The tribunal, however, determined that a corporate guarantee and a “letter of comfort” extended by the taxpayer to its related parties had no bearing on profits, income, loss or assets of the taxpayer and / or was not an international transaction, and as such, a transfer pricing adjustment was not warranted.
The case is: TVS Logistics Services Ltd. v. DCIT (ITA No. 458/Mds/2016)
The taxpayer advanced funds, interest-free, to related parties for the purpose of expanding business outside of India. The funds were advanced not from any additional borrowings by the taxpayer, but from surplus funds (equity capital). The taxpayer described this as shareholder activity. During the same year, the taxpayer paid interest on amounts it had borrowed (loans).
The Transfer Pricing Officer determined that the interest-free loan to the related parties and the payment of interest on the loan effective shifted profits outside of India. Accordingly, interest on the advanced funds was imputed using LIBOR.
The taxpayer also extended a corporate guarantee for a related party, but did not charge any fee for the guarantee. Again, the Transfer Pricing Officer made a transfer pricing adjustment using the LIBOR rate of interest.
The taxpayer issued a “letter of comfort” to a related party, and this in turn allowed the related party to borrow funds. The Transfer Pricing Officer imputed a recovery charge at 1% for the taxpayer’s risk exposure.
These findings were administratively upheld, and the taxpayer sought judicial review by the tribunal.
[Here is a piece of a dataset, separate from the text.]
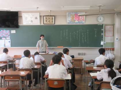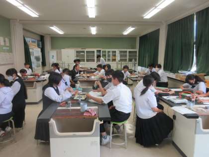 2学年のようすです。 (写真上:2A 理科 ガスバーナーを使って実験です) (写真下:2B 国語 『盆土産』)

The tribunal concluded that:
- The interest-free loan extended to the related parties was an attempt by the taxpayer to reduce its tax burden, and such, interest had to be computed on notional basis by applying LIBOR rate.
- The corporate guarantee extended by the taxpayer to the related party had no bearing on the profits, income, loss or assets of the taxpayer. Thus, the tribunal found that the transfer pricing adjustment was not warranted.
- The letter of comfort was found by the tribunal to be similar to a guarantee, in that this did not involve any cost to the taxpayer and was not within the ambit of international transactions. Accordingly, there was no justification for the transfer pricing adjustment.